Search code examples
c#selenium-webdrivertwitterselenium-chromedriversocks5

JS is disabled when trying to get page via Selenium "--headless=new"


The Twitter API is now paid, so now I need to write a parser for the tweet pages. I am using socks5 proxy.

So my first step was to get the tweet page directly through the socks5 proxy. I got a 302 code and an endless redirect.

Then I tried adding cookies and got a "Please enable JS" page.

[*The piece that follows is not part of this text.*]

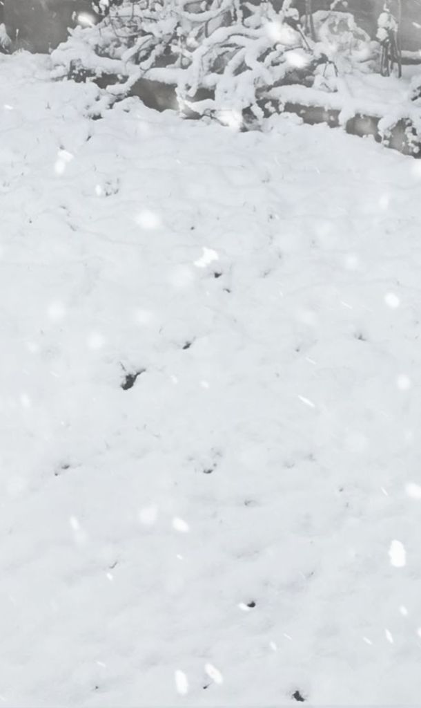 Snow fell heavily on the village as night approached but the white covering on the ground and on the rooftops from the blizzard shone brightly in the darkness. The falling flurries of snow quickly covered the footsteps made during the day by the few villagers that had braved the bitter weather before retreating to their homes to huddle around fires and under blankets.

So now we have decided to use Selenium to get this page. When I try to get the page without headless=new there is no problem, but when I try to use that argument, the "please include JS" page reappears.

What I've tried:

Also I tried to install different user agents, different Selenium libraries, explicitly set the path to the chrome driver (v114.0.5735.90 driver and google chrome v114.0.5735.199) and different browsers (Edge). JS was enabled.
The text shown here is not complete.